What is required: Set down each record below exactly as it stands. Pictures are not part of the copy.

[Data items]
□ □ □

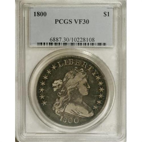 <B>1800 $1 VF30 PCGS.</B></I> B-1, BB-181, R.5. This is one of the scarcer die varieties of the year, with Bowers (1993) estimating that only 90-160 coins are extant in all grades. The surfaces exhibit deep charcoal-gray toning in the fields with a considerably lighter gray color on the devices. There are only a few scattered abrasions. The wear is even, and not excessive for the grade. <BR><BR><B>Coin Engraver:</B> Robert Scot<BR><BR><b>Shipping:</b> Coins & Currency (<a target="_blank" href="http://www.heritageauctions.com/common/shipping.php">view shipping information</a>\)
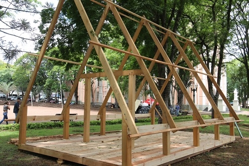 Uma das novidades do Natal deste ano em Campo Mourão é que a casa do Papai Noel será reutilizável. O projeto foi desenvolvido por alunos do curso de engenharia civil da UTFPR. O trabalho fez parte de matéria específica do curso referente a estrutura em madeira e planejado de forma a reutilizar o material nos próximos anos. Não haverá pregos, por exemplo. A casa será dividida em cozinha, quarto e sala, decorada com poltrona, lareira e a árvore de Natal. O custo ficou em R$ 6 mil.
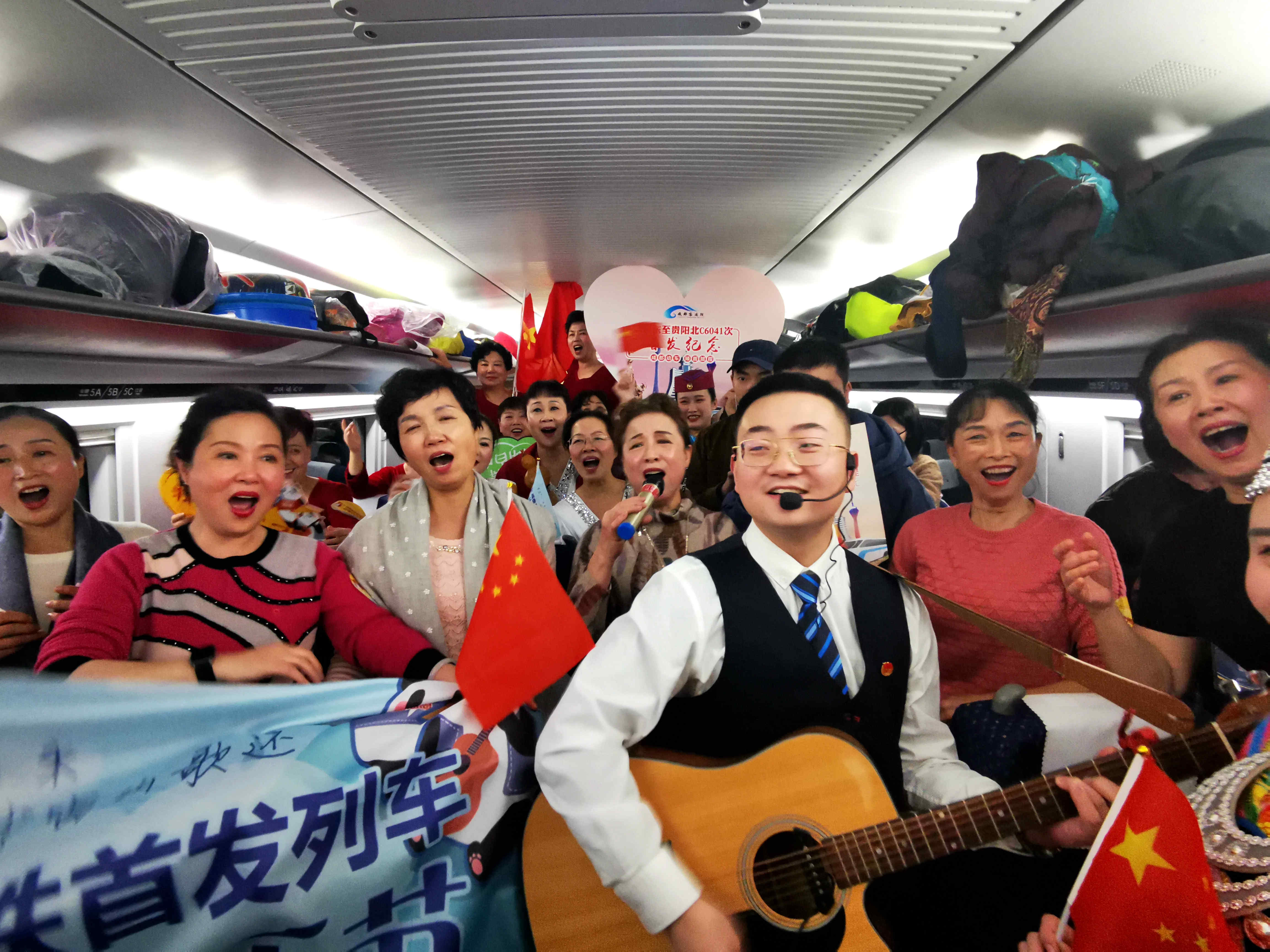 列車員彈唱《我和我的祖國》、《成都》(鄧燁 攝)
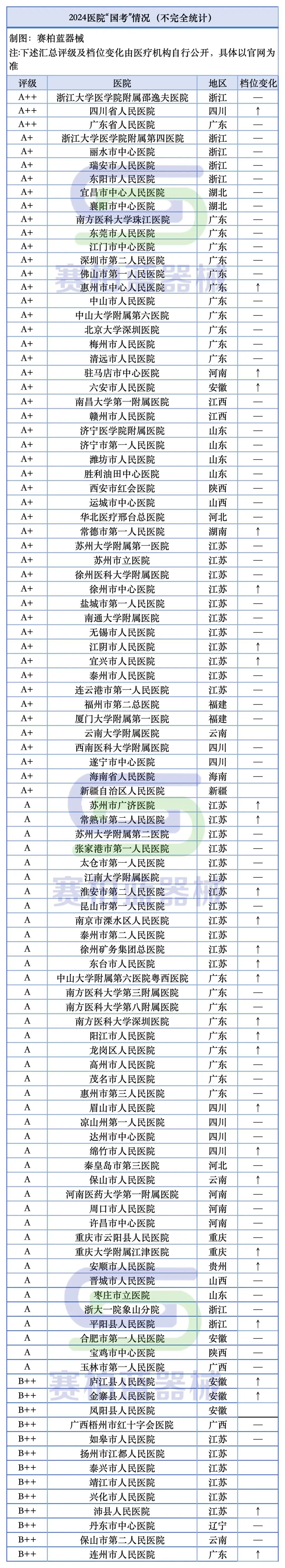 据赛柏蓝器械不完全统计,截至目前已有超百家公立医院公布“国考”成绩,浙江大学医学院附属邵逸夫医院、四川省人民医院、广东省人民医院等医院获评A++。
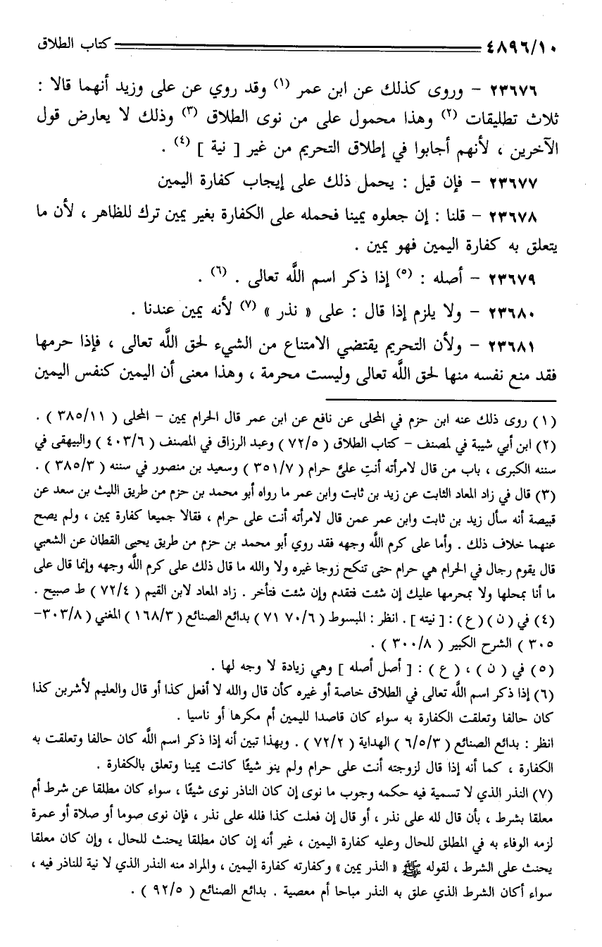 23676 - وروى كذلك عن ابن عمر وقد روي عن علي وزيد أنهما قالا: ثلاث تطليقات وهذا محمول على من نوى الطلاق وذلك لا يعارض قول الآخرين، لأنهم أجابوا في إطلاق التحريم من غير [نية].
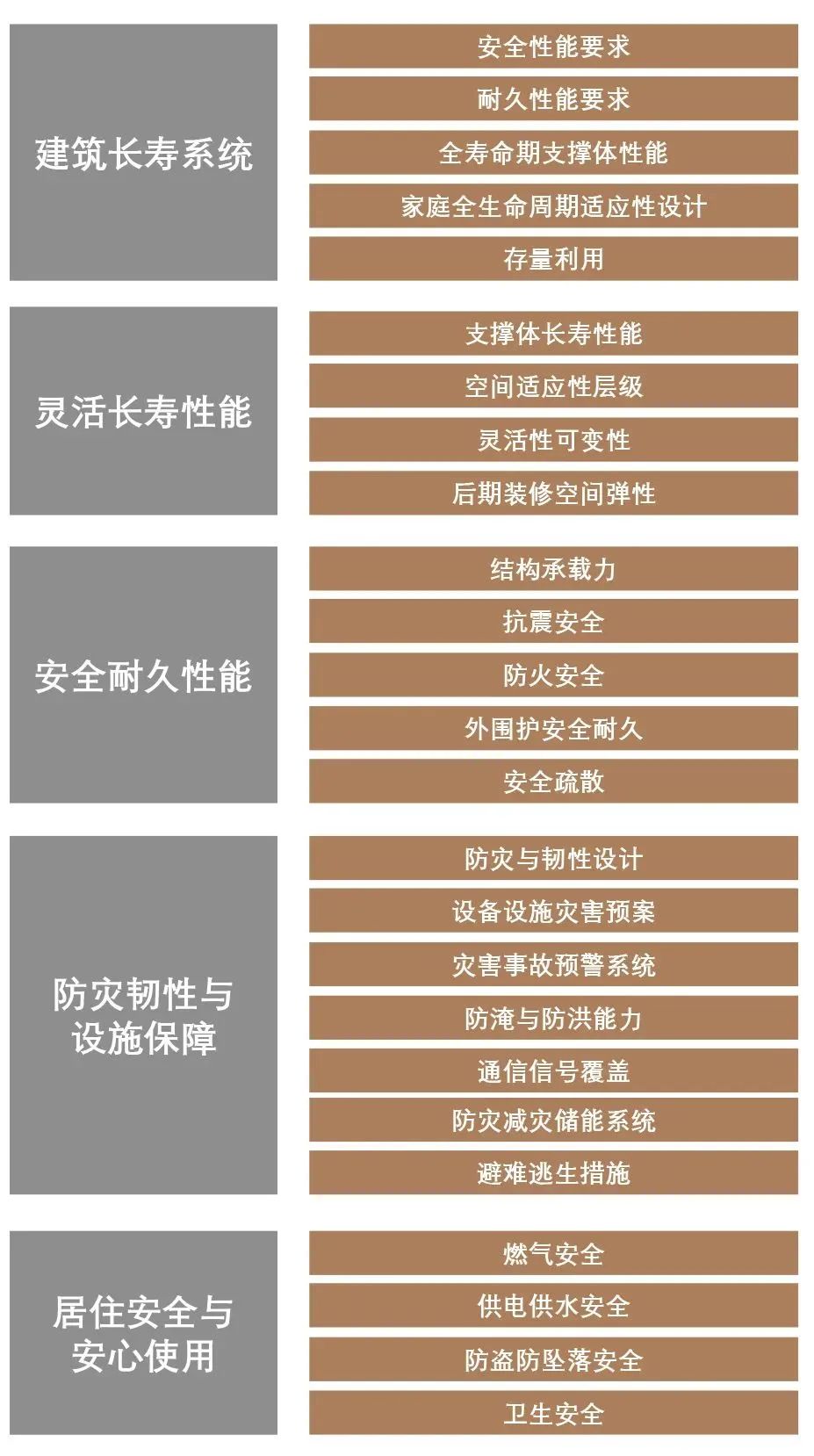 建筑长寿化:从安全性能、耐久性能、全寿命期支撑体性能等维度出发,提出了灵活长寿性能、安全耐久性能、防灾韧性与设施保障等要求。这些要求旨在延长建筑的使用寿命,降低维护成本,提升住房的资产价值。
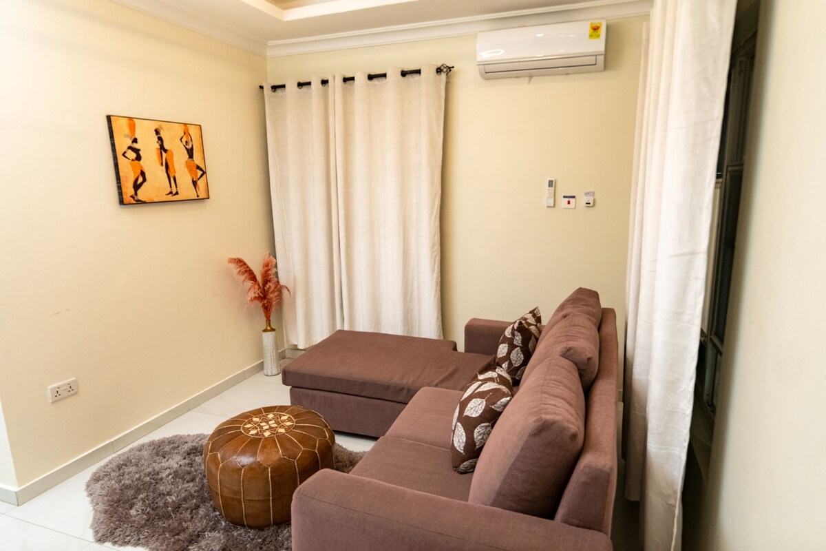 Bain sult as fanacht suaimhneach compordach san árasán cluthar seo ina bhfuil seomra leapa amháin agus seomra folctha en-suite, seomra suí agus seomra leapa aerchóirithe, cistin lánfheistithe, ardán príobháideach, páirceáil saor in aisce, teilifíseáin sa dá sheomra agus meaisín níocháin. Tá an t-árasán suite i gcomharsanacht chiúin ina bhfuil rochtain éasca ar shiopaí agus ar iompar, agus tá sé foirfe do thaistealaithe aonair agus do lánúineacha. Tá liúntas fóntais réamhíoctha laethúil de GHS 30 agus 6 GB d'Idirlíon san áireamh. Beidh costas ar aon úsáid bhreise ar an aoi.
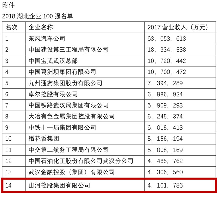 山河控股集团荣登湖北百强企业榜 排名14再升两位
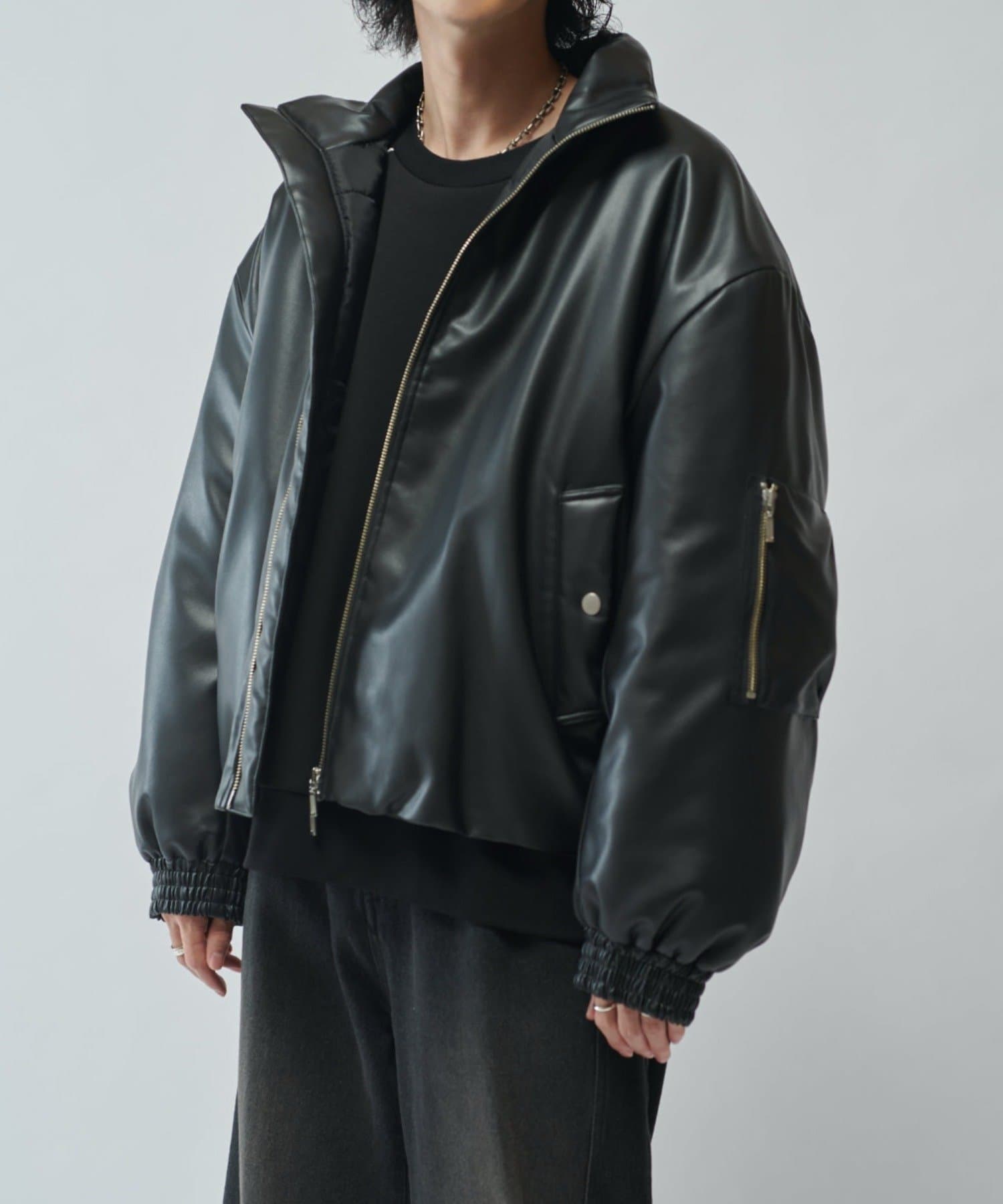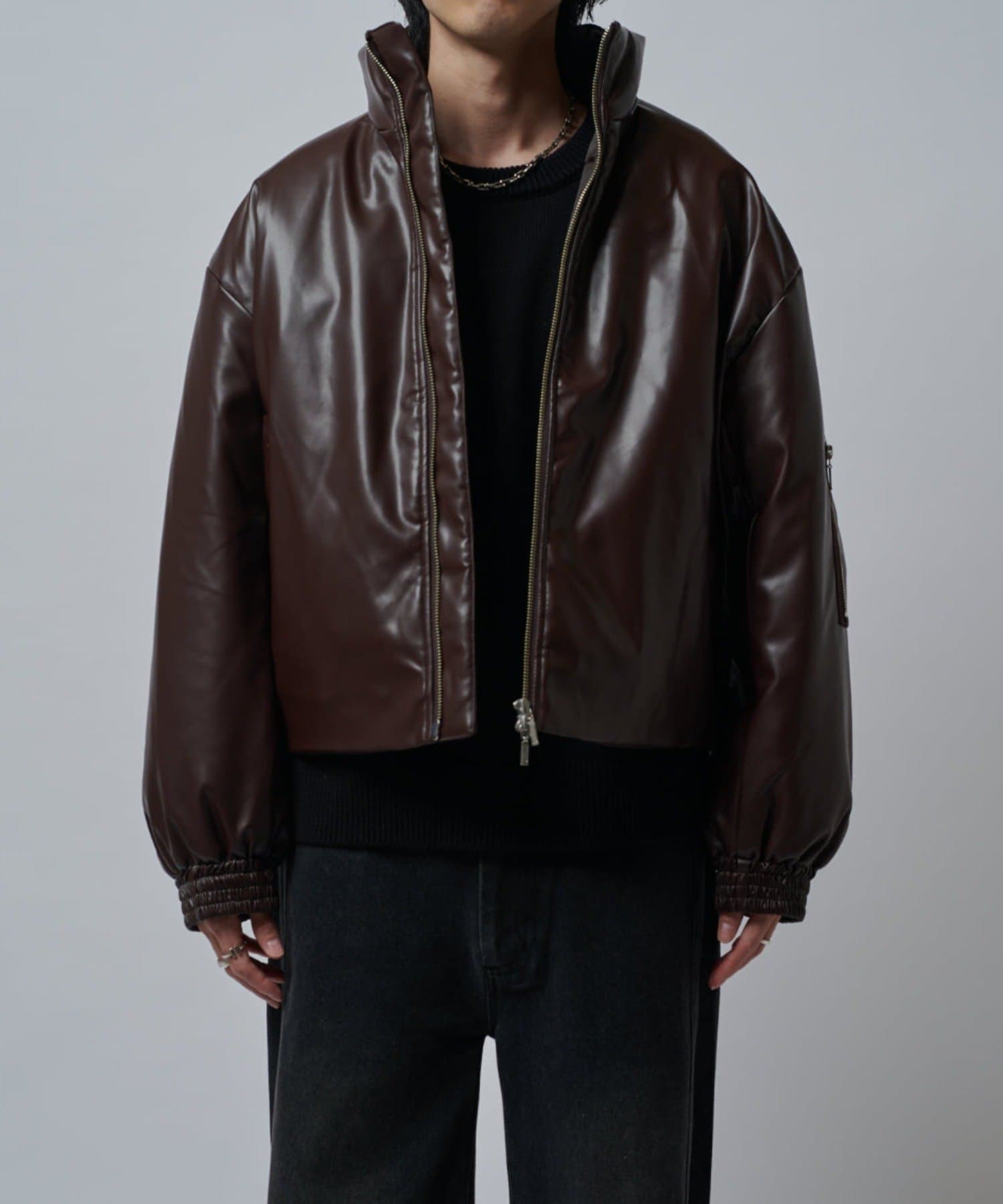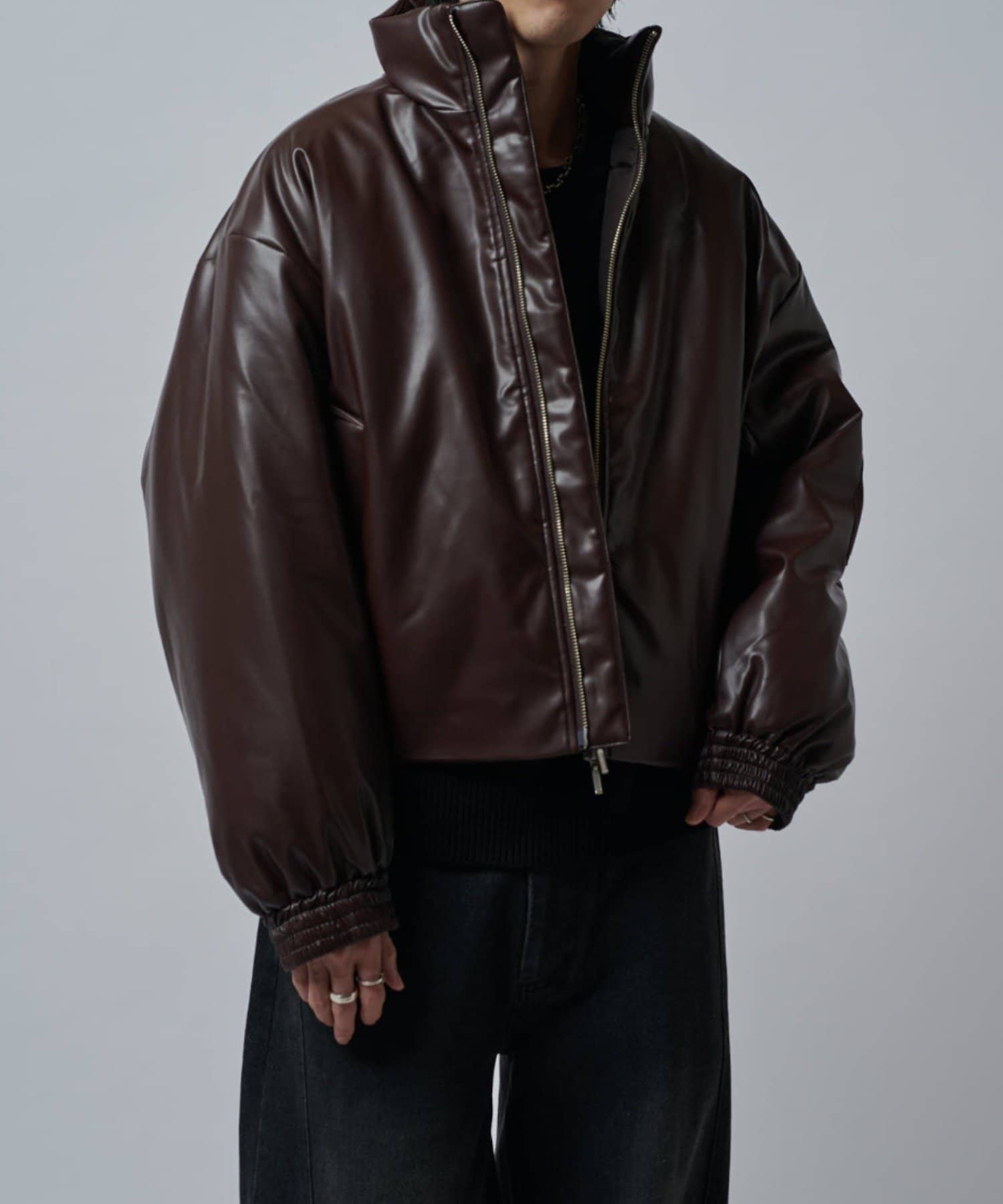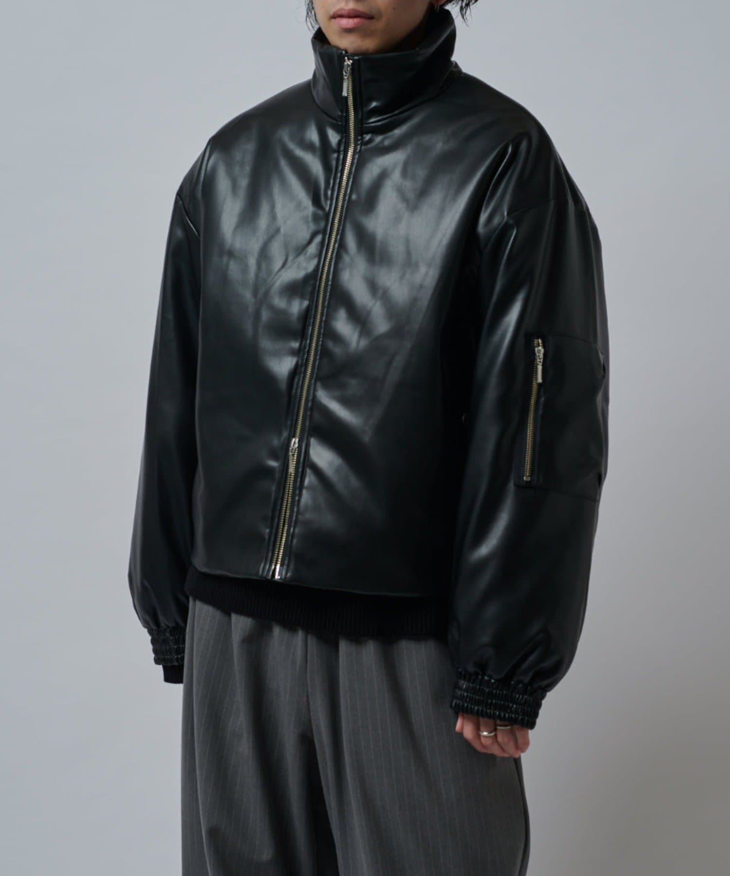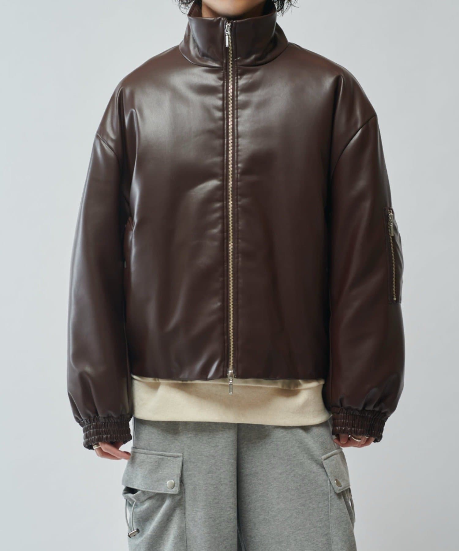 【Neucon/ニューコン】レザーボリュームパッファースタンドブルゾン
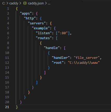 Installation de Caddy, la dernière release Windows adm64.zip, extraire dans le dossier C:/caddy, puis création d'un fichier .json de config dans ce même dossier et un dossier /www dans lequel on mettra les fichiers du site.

□ □ □

Exercise response:
 <B>1800 $1 VF30 PCGS.</B></I> B-1, BB-181, R.5. This is one of the scarcer die varieties of the year, with Bowers (1993) estimating that only 90-160 coins are extant in all grades. The surfaces exhibit deep charcoal-gray toning in the fields with a considerably lighter gray color on the devices. There are only a few scattered abrasions. The wear is even, and not excessive for the grade. <BR><BR><B>Coin Engraver:</B> Robert Scot<BR><BR><b>Shipping:</b> Coins & Currency (<a target="_blank" href="http://www.heritageauctions.com/common/shipping.php">view shipping information</a>\)
 Uma das novidades do Natal deste ano em Campo Mourão é que a casa do Papai Noel será reutilizável. O projeto foi desenvolvido por alunos do curso de engenharia civil da UTFPR. O trabalho fez parte de matéria específica do curso referente a estrutura em madeira e planejado de forma a reutilizar o material nos próximos anos. Não haverá pregos, por exemplo. A casa será dividida em cozinha, quarto e sala, decorada com poltrona, lareira e a árvore de Natal. O custo ficou em R$ 6 mil.
 列車員彈唱《我和我的祖國》、《成都》(鄧燁 攝)
 据赛柏蓝器械不完全统计,截至目前已有超百家公立医院公布“国考”成绩,浙江大学医学院附属邵逸夫医院、四川省人民医院、广东省人民医院等医院获评A++。
 23676 - وروى كذلك عن ابن عمر وقد روي عن علي وزيد أنهما قالا: ثلاث تطليقات وهذا محمول على من نوى الطلاق وذلك لا يعارض قول الآخرين، لأنهم أجابوا في إطلاق التحريم من غير [نية].
 建筑长寿化:从安全性能、耐久性能、全寿命期支撑体性能等维度出发,提出了灵活长寿性能、安全耐久性能、防灾韧性与设施保障等要求。这些要求旨在延长建筑的使用寿命,降低维护成本,提升住房的资产价值。
 Bain sult as fanacht suaimhneach compordach san árasán cluthar seo ina bhfuil seomra leapa amháin agus seomra folctha en-suite, seomra suí agus seomra leapa aerchóirithe, cistin lánfheistithe, ardán príobháideach, páirceáil saor in aisce, teilifíseáin sa dá sheomra agus meaisín níocháin. Tá an t-árasán suite i gcomharsanacht chiúin ina bhfuil rochtain éasca ar shiopaí agus ar iompar, agus tá sé foirfe do thaistealaithe aonair agus do lánúineacha. Tá liúntas fóntais réamhíoctha laethúil de GHS 30 agus 6 GB d'Idirlíon san áireamh. Beidh costas ar aon úsáid bhreise ar an aoi.
 山河控股集团荣登湖北百强企业榜 排名14再升两位
 【Neucon/ニューコン】レザーボリュームパッファースタンドブルゾン
 Installation de Caddy, la dernière release Windows adm64.zip, extraire dans le dossier C:/caddy, puis création d'un fichier .json de config dans ce même dossier et un dossier /www dans lequel on mettra les fichiers du site.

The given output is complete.